The slam of a neighboring door brought his attention back to the view. His cubby was a converted storage room, and its only window looked out on the alley behind his house, exposing the back sides of a half block of badly weathered beach houses. The alley had little to recommend it, except bower after bower of glorious red and orange bougainvillea. Rick loved the stuff. It festooned the courtyard out front, too, and as far as he was concerned, it made his beach cottage look like a small palazzo.
Lane Chandler. God, he didn’t want to go back there. It wasn’t going to help anyone to dredge up that muck, least of all Ned. And there were so many other reasons not to pursue this investigation. A case like this could take months, years, even for a seasoned homicide detective, which Rick wasn’t. You needed the right resources, computer databases, labs and technicians to investigate a murder. He had access to none of that, and he was running out of time. Everything pointed to murder-suicide. The police had already written it off.
But foremost among the reasons to let this investigation go was her, Lucy Cox, all grown up and running her own concierge service. Why didn’t that surprise him?
He walked back to his desk, swept up her card, crushed it in his fist and dropped it in the trash. And then he left the room.
He got as far as the living room, as far as the doors to his beloved courtyard, before a realization stopped him. Like a bomb it hit him. What were the odds of so many seemingly disparate things converging on that one night at Ned’s place? Rick had found Ned and his girlfriend dead, the package missing and Lane Chandler’s card stuck to Ned’s desk, all within the same time frame. Or what appeared to be the same time frame. The package could have been missing awhile, but Rick didn’t think so. Ned would have mentioned it. And Rick suspected the card was recent, too. Ned wouldn’t have let that slip, either. But maybe that was what Ned had been trying to say the night he showed up at the cabin.
What Ned didn’t know, what no one knew except Rick, was that Lucy Cox was connected to that missing package.
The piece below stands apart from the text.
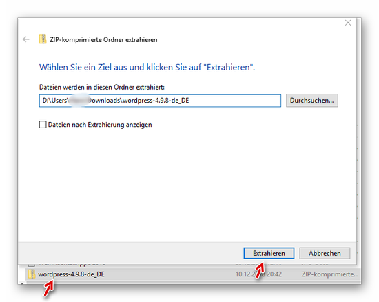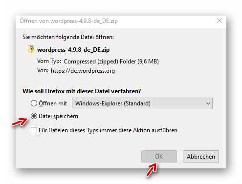 Die WordPress-Datei (ZIP) wird heruntergeladen…

She was the catalyst for what had happened fifteen years ago—and the reason Rick had left the force.
If she really was Lane Chandler now, Rick questioned whether it was a coincidence that Ned had come across her somewhere. Had she approached him because she wanted the package herself? Why? He could think of people who might want to get their hands on it, but why her? Blackmail, most likely. And how did she know that Ned had it?
He turned and slammed back through the house, swearing to himself. He nearly took the door off the hinges as he entered his office, and the first thing he did was pick up the trash can. Now, where the hell was that card?